The cacophony of the storm permeated the cabin, and he wondered at how he had not heard anything of what was going on outside until now. Too engrossed on what was going on inside.
And it had been a very enjoyable feeling.
Her breath, rapid and warm, was against his neck as they endured the bumpy ride for a few minutes more until she broke the silence by saying, “When I said I might die tomorrow, I didn’t mean, like, literally tomorrow. This job is really turning out to have been a bad career move.”
“We’ll be fine,” he said calmly, even though the two successive bumps right after his pronouncement—as if the plane had hit an air pocket and then lurched on—weren’t giving him a lot of confidence on that score. But he did feel calm. Strangely calm. Perhaps the endorphins released in his recent orgasm were contributing to that. Or maybe he was just glad to be here with her.

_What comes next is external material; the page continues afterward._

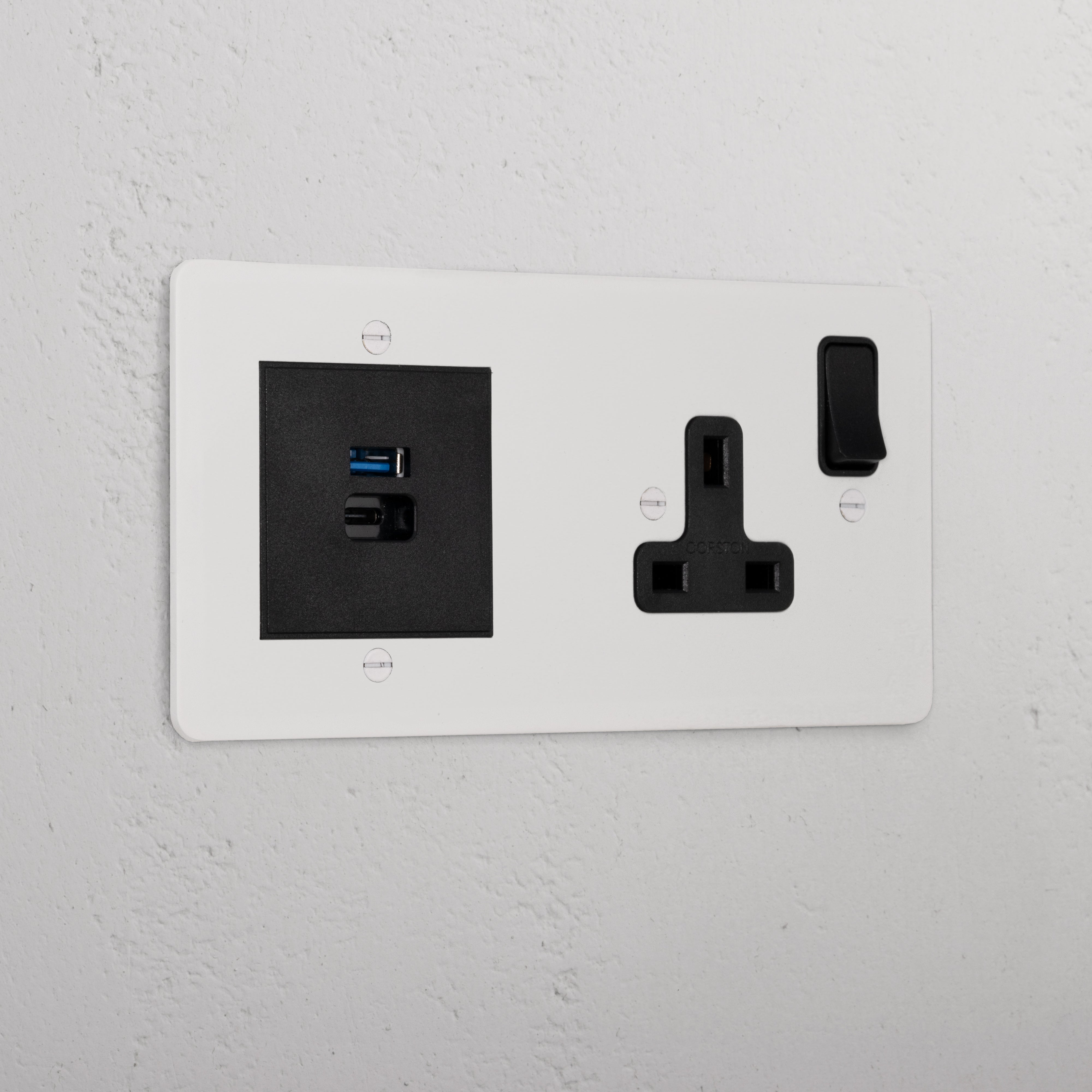 The switch and inserts around the sockets are made from a low-sheen black plastic or white with a slightly textured finish.
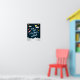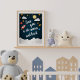 Adorable arte para la pared del cuarto de tu pequeño aventurero presenta la cita "te amo hasta la luna y de regreso" sobre un fondo azul marino de espacio exterior con estrellas, lunas, planetas, nubes y un cohete espacial.

Clearly, there was something wrong with him.
Chapter Four
Mason held her hand as the plane shook up and down and pretty much threatened to make her lose her scotch. Her hand was trembling, but his, which felt steady and warm against hers, wasn’t.
Was this sudden turn of events all some kind of wildly out-of-proportion punishment for her lapse in professional judgment? Christ, she’d thought disbarment was the worst they could do to her for failing her lawyerly duties. Who said anything about plane crashes? She was clearly having a terrible, horrible, no good, very bad day. She should have listened to Shreeman after all.
Oddly enough, though, the looming danger had an effect on Talbot, too. It rendered him unusually composed and reassuring. When he put his arm around her and buckled her up, and even when he nodded at the pilot, he seemed more like a CEO than he ever had before then. She liked this strong, controlled side of him. Maybe life-and-death situations did that for the guy.
Or maybe it was the sex.
Whatever, she clung to him, not ashamed to be the obvious wimp that she was. Burying her head in his shoulder, she said the first thing she could think of. “Have you ever been in a plane crash before?”
“No.” He brushed her hair out of her eyes. “Which is a shame, since statistically speaking, if I had been, it would be unlikely that we’d crash now. As you might imagine, the chances of one person being in two plane crashes, where flying is not their job, of course, is slight at best.”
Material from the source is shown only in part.